The clinical course of these patients is rarely reported in the literature, especially in such young patients. Diabetes mellitus has been reported in 24% of 109 patients with LRBA deficiency [27] and in some patients with LRBA deficiency, infantile-onset fulminant type 1 diabetes mellitus has also been described [3,25,28]. We focused our description on diabetes mellitus showing that blood glucose control was very good without any hypoglycemia, with an insulin requirement of 0.6 IU/kg/day. We did not observe any clinically significant change in insulin requirement and blood glucose control, and we think that these data will be interesting for clinicians, as they have not thus far been reported. After the bone marrow transplantation, arthritis and diarrhea progressively disappeared, while failure to thrive and diabetes mellitus persisted. We did not try to describe a genotype–phenotype correlation because reports from large cohorts concluded that a such correlation is not evident [27,29].

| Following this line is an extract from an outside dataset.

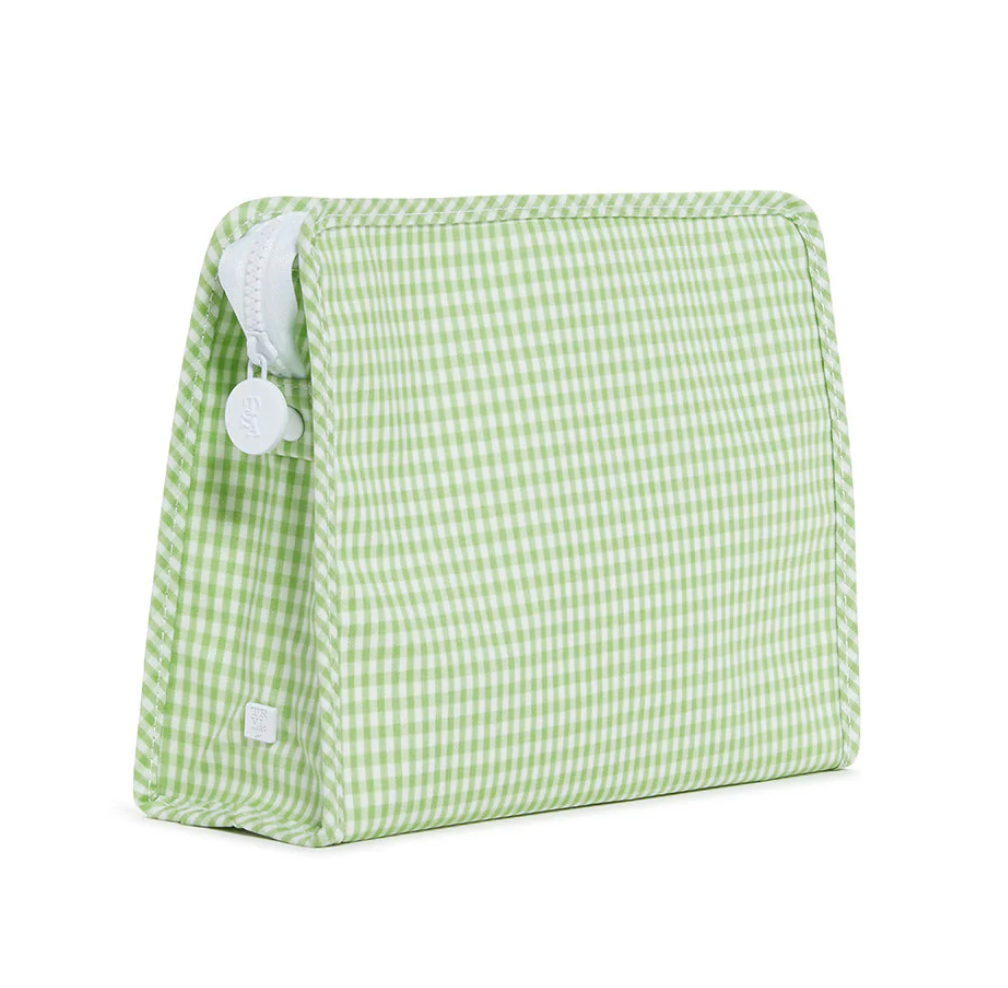 Large Roadie Zip Pouch, Gingham Leaf Green

The novelty of this case is the identification of a novel frameshift mutation in the LRBA gene and the clinical admission investigation that may be worth reporting and useful for clinicians. Most previously published papers just summarize the clinical findings in their cohort, with scarce data about the timing of the other autoimmune disorders onset and their clinical course. The description of these rare patients provides supportive information for clinicians and researchers.

5. Conclusions

In conclusion, we describe two compound heterozygous LRBA mutations in an infant with early onset diabetes mellitus and autoimmune disorders, in whom treatment with bone marrow transplantation was successful. The patients carried two mutations in LRBA gene. The first, p.Arg655*, was previously reported in homozygosis [12] and recently described also in an Italian patient [13]. The second one, p.Ser1000Tyrfs*2, was here described for the first time. Mutations of the LRBA gene must always be suspected in the case of diabetes onset in the first year of life, in particular in the presence of other autoimmune and/or immunodeficiency manifestations.